“Mas os quadros deles são muito mais persuasivos, aproximam-se mais da verdadeira vida. Em vez de pintarem como se estivessem no alto de um minarete, de uma altura suficiente que os faça desdenhar aquilo que os ocidentais chamam perspectiva, eles põem-se, pelo contrário, ao nível da rua, ou no interior do quarto de um príncipe, para pintarem a cama, a colcha, o escritório, o espelho, o seu leopardo, a sua filha, as suas moedas de ouro. Eles põem lá tudo, como sabes. Aliás, nem tudo o que eles fazem me seduz. Indispõem-me e acho mesquinha, sobretudo, aquela maneira de quererem a todo o custo representar o mundo tal como parece. Mas há tanta sedução no resultado que eles obtêm com esse método! Porque eles pintam o que vêem, o que o seu olho vê, exactamente como a visão o recebe, enquanto nós pintamos o que contemplamos.”
"Siege of Rhodes" (~1564) Pintura em miniatura otomana, sem recurso a perspectiva.
"Deus quis certamente que a pintura exista como forma de arrebatamento, de maneira a mostrar que, para quem sabe olhar, o mundo é também um arrebatamento."
"Mona Lisa" (~1591), retrato em perspectiva de Leonardo da Vinci
Toda esta nova forma de representar o mundo assustou as pessoas, mais ainda numa sociedade em que a representação de certas figuras era considerada blasfémia, ao que se juntava o receio da criação de figuras de adoração. Pamuk pega em tudo isto, bem caracterizado historicamente, e cria um universo seu de grande beleza expressiva e intelectual. Como que cose todos estes ingredientes, à partida tão distantes, num único novelo, garantindo-nos acesso a todo um mundo de ideias por meio de um aparente simples romance detetivesco.
“Quanto às técnicas de pintura europeias, os jesuítas portugueses já as introduziram lá [na Índia] há muito tempo, como por todo o lado.” p. 457Ao longo de todo o livro sentimos esta tensão entre representar de modo natural ou formal, uma discussão que se tornou central com a chegada da fotografia muitos anos depois e acabou dando origem ao modernismo e toda a sua força criativa.

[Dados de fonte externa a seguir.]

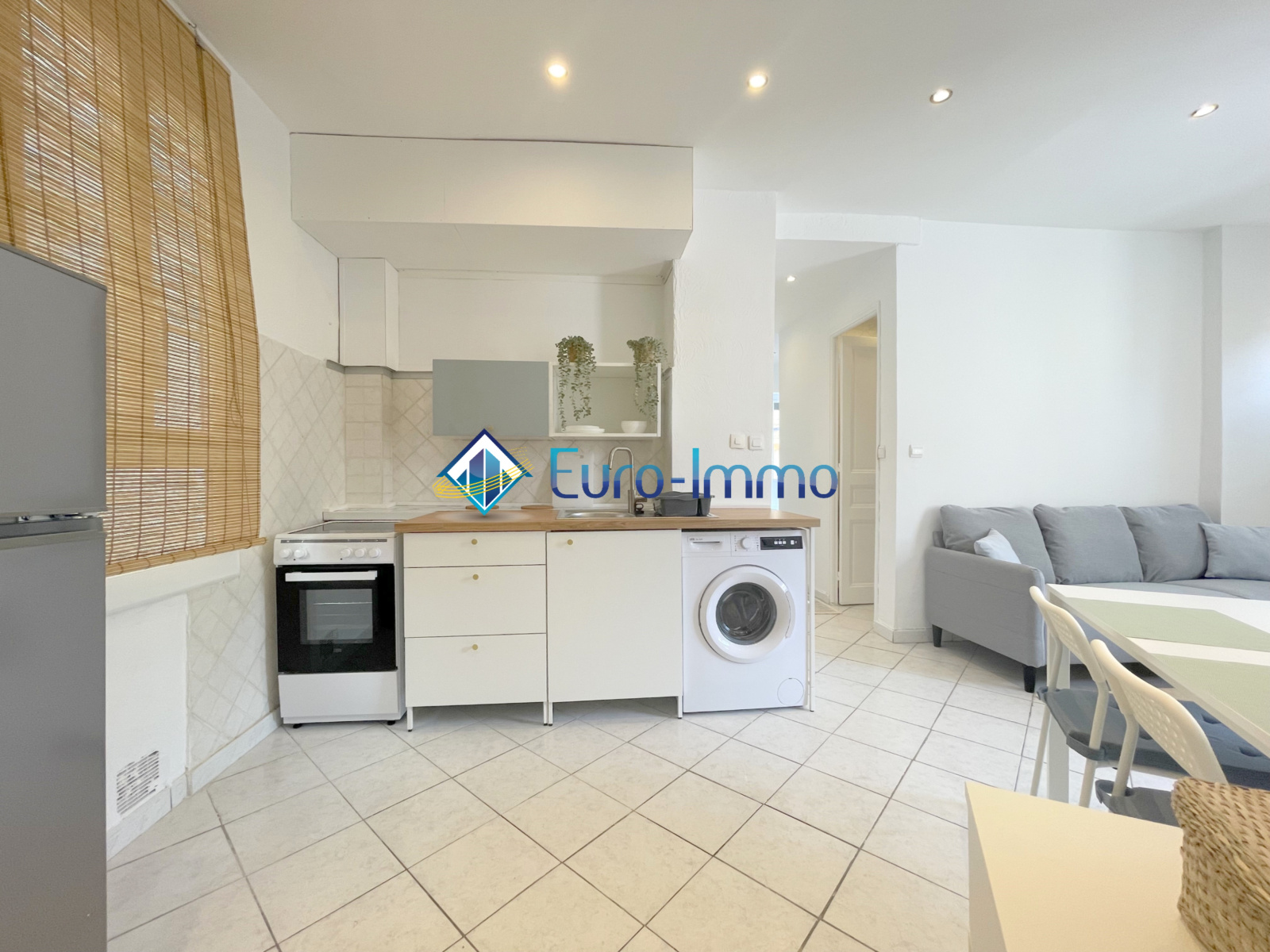 Cet appartement décoré avec goût, sis au 3eme et dernier étage (sans ascenseur) d'un petit immeuble se compose, d’une entrée, séjour avec cuisine ouvert équipée, chambre avec placard, petite pièce avec balcon pouvant servir de chambre ou de bureau, salle de douche avec WC.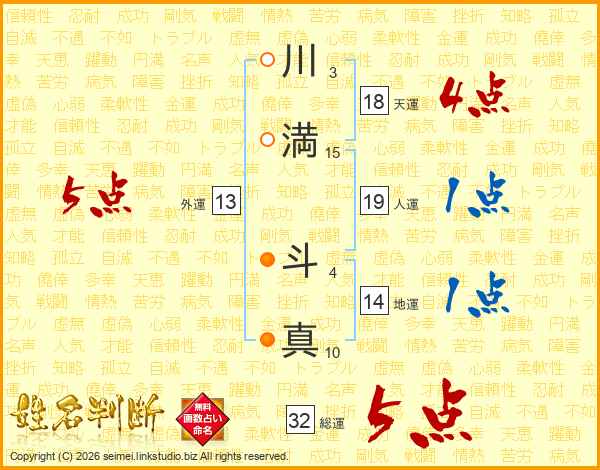 生活面を象徴する運勢です。外部から受ける影響力を表し、結婚運、家庭運や職場、環境への順応性を表します。総運から人運を引いた画数。姓や名が1文字の場合を除く。

Mas ainda hoje continuamos a discutir tudo isto, já não subjugados a visões esotéricas do mundo, nem mesmo a conceitos do que objetiva a arte, mas subjugados à impossibilidade da verdade científica.
Mas Pamuk mais do que centrado na verdade, está centrado no humano. O facto de ter estruturado o romance em capítulos atribuídos a cada um dos personagens, que falam cada um na primeira pessoa, parece inicialmente apenas uma abordagem estilística, mas é muito mais do que isso, é uma afirmação da sua visão do mundo, do modo como critica essa tentativa de então, de aniquilar o indivíduo, aniquilar a expressão pessoal, o Estilo, conceito da estética que se torna central e acaba estando no cerne da investigação do romance.
O livro de Pamuk grita pela força do indivíduo, pelos seus anseios, desejos, e vontades. Mais do que saber se é a verdade que enfrenta, o ser humano quer sentir-se. Cada um de nós é um ser, e por mais que gostemos e dependamos uns dos outros, estamos enredados em nós mesmos, buscamos compreender-nos antes de tudo o mais. Mais do que conhecer o real, precisamos de nos conhecer a nós mesmos, para assim podermos fazer os outros à nossa volta felizes.
“O Meu Nome é Vermelho” recordou-me por várias vezes Saramago e o seu “Memorial do Convento”, não por serem duas obras históricas, ou terem ambos um Nobel (2006 e 1998), mas pela força expressiva que imprimem ao ambiente e personagens, como as estruturam e tornam credíveis num tempo passado, tão real e tão cru, mas também porque em ambos o centro roda em redor da grande arte dos seus monarcas de então, a demonstrar mais uma vez que se alguma coisa perdura de todo o nosso esforço nestas vidas, é a arte que deixamos em legado.